What Continue.dev does differently with LM Studio vs Ollama
Continue.dev’s Ollama provider talks to Ollama’s native REST API (/api/generate, /api/chat, /api/tags) and uses Ollama’s FIM detection via the Modelfile template. The LM Studio provider takes a different path: it extends Continue.dev’s OpenAI class and points at LM Studio’s OpenAI-compatible server (http://localhost:1234/v1).
This means:
FIM works differently. For tab autocomplete, Continue.dev calls LM Studio’s /v1/completions endpoint with a suffix parameter — the standard OpenAI-compatible FIM path. This works reliably with Qwen2.5-Coder models (which include FIM training) and DeepSeek-Coder models. It fails silently with models that weren’t trained for FIM, producing generic “complete from where I left off” suggestions rather than true fill-in-the-middle completions.

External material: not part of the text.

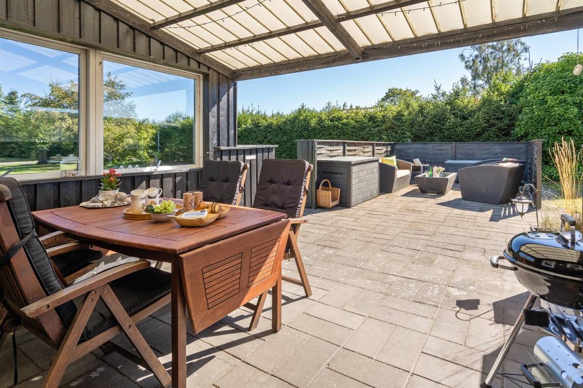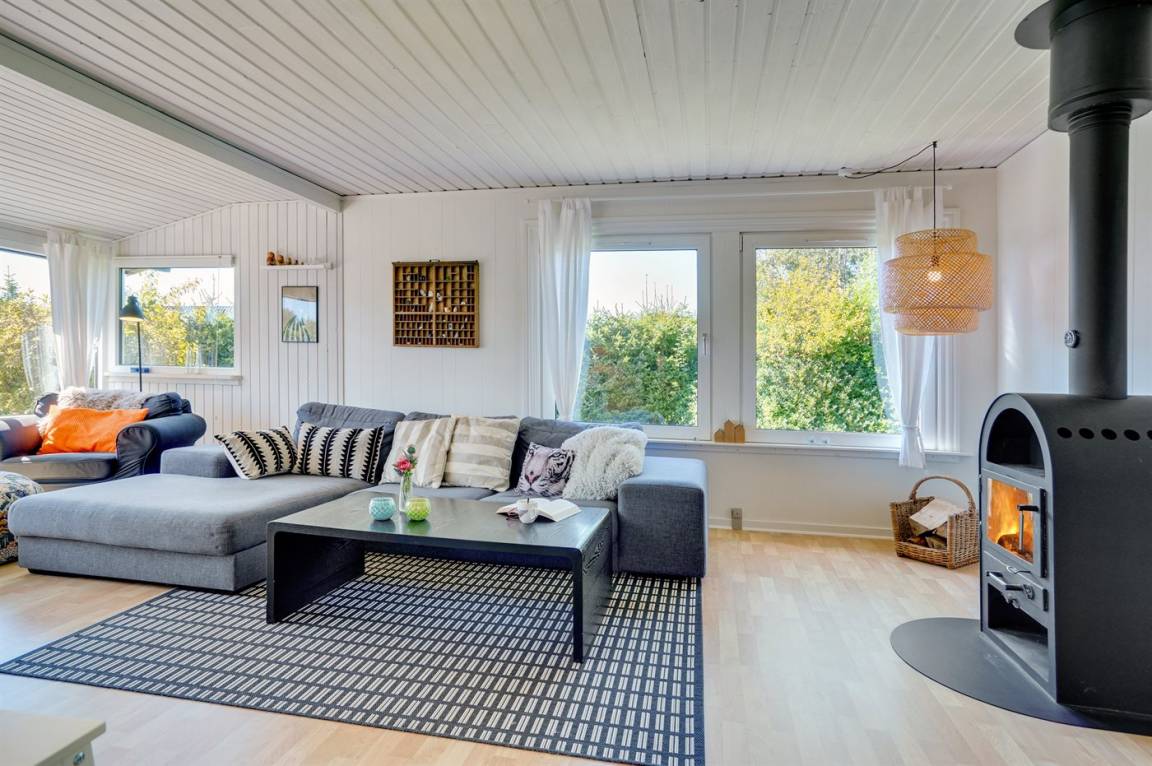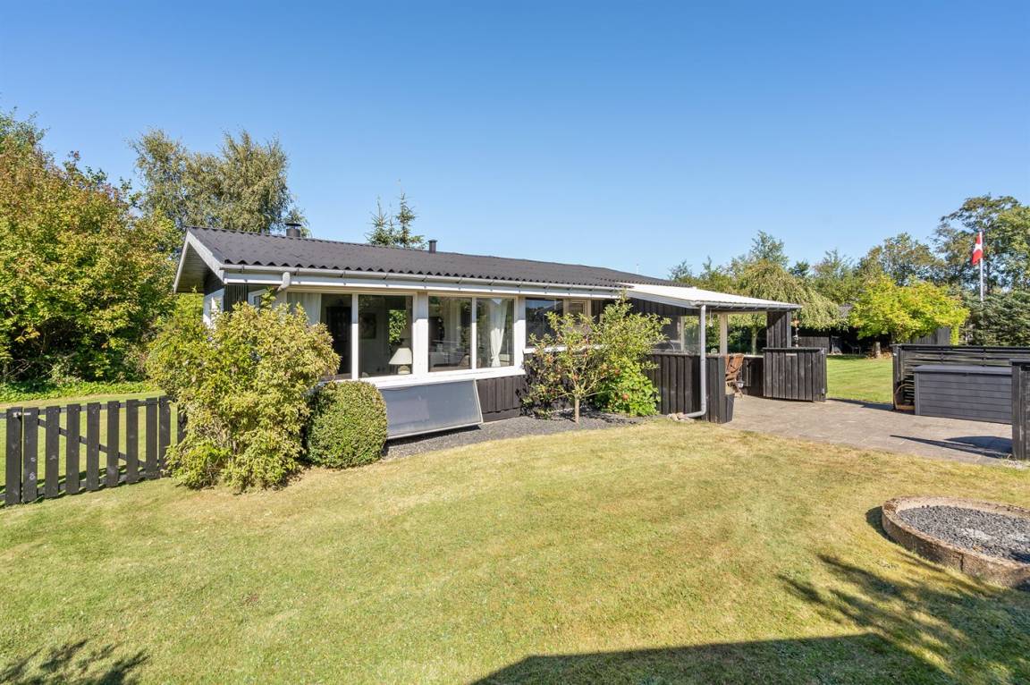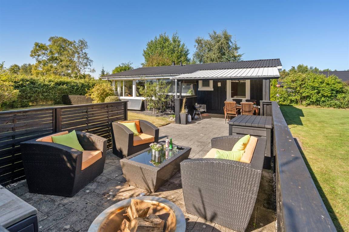 DraußenDie Ferienunterkunft liegt auf einem 945 m² großen Naturgrundstück. Das Grundstück ist eingezäunt. Die Entfernung zum Meer beträgt 640 m. Die Entfernung zum Fjord beträgt 12380 m. Die nächste Einkaufsmöglichkeit liegt 1290 m entfernt. In einem Abstand von 15150 m gibt es einen Golfplatz. Es steht ein offenes Terrassenareal zur Verfügung. Außerdem gibt es überdachte Terrasse. Parkplatz auf dem Grundstück.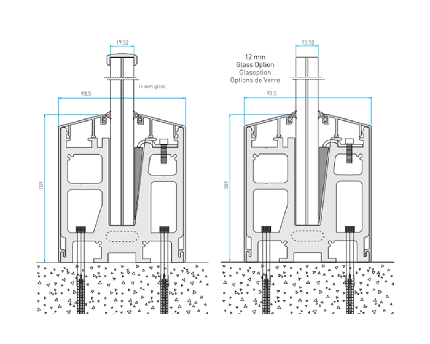 Систему скляного огородження С50 можливо встановлювати як на несучу поверхню, так й в рівень з підлогою. Рекомендована комплектація на 1 м.п:

The model name is decorative. Unlike Ollama, where Continue.dev queries /api/tags to verify the model exists, LM Studio’s API routes to the currently loaded model regardless of the name in your request. The model field in config.yaml is passed in the API call but LM Studio ignores it and uses whatever model you loaded in the GUI. This simplifies configuration but means you must manually pre-load the right model before starting your coding session.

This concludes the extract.